I was grabbing lunch with my friend Alex A. at Kinkhead’s yesterday when he asked me what my achievements in 2006 and overall impression on the year were (Alex is the only one of my friend who still politely acts as if he thought I could handle a coherent conversation). I really felt like ordering a second bloody mary but did not as I have been courageously struggling to be a little more sober in the last two days after noticing that I gained 6 pounds in 2 months. So instead I faked a panic attack alright.
I don’t recall much of 2006 besides the fact that Dell recalled my computer battery and I did not return it which is a very weak form of suicide. Ok I am lying: I think it’s the first year I did not take any anti-depressant…. and I divorced in August. I actually thought about taking anti-depressant when I divorced but felt a little too lazy about finding a new psychiatrist after the old one died in a jetski accident in Palma de Majorque (he was really expensive too). I also did not do any hard drug as my dealer ended up in a federal jail. I quit Propecia and that was such a f***ing mistake. On the pills aspect, 2006 was a complete disaster basically.
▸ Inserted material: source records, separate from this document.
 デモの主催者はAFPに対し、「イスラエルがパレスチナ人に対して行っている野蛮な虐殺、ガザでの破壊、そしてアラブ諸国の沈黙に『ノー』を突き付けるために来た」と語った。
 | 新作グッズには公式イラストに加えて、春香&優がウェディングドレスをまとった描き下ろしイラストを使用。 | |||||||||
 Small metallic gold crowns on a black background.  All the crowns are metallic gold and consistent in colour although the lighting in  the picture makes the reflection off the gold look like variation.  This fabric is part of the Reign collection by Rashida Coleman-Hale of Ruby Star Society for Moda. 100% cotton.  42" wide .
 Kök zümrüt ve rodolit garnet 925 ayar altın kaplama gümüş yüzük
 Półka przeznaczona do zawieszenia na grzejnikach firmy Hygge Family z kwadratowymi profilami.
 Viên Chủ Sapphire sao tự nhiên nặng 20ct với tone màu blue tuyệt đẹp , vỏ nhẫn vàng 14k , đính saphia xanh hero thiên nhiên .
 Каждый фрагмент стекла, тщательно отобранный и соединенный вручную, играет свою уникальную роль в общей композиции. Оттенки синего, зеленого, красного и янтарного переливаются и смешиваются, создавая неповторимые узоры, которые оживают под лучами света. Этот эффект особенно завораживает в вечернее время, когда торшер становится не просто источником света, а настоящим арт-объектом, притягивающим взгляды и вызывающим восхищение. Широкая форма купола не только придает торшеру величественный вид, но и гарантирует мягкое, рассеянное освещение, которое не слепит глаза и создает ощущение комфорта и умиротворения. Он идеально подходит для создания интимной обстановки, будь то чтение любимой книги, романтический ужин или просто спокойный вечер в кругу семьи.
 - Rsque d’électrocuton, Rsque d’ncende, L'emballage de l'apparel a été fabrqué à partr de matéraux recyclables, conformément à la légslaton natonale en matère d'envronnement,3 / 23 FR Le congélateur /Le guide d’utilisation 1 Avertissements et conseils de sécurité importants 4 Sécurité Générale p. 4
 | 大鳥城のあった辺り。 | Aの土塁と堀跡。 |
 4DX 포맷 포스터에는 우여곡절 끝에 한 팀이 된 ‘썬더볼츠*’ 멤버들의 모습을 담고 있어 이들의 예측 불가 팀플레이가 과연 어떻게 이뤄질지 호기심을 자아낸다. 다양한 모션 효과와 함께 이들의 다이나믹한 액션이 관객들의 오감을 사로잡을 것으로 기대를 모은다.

In 2006, I got my first ipod and a computer. It’s also the year I started to panic about turning 30 in two years and not being able to hide the fact that I am completely lost behind the usual elusive twinkish cuteness which I anyway never really managed to pull. Someone even called me a “hairless troll freak” at a party but I ignored him. I also got a little anxious about the all dirty bomb rumor. Well that’s definitely not an achievement so forget that one. I went to see my family three times - twice with my ex - and then my mother came to torture me for a week so we could say I achieved something in the family front (NDLR: that does not qualify as an achievement either). My roommate dumped me for some divinity teacher. I resented it so much that I started hanging out with Mark H. I organized a WE by myself in London and one in Rome (but then I did not get laid in any of these places so…). Gosh this is depressing, vodka gimlet anybody ?
Have a good holiday. X.
Posted by: Max | Saturday, December 23, 2006 at 06:02 PM
You forgot to mention all the times you were convinced you had H5N.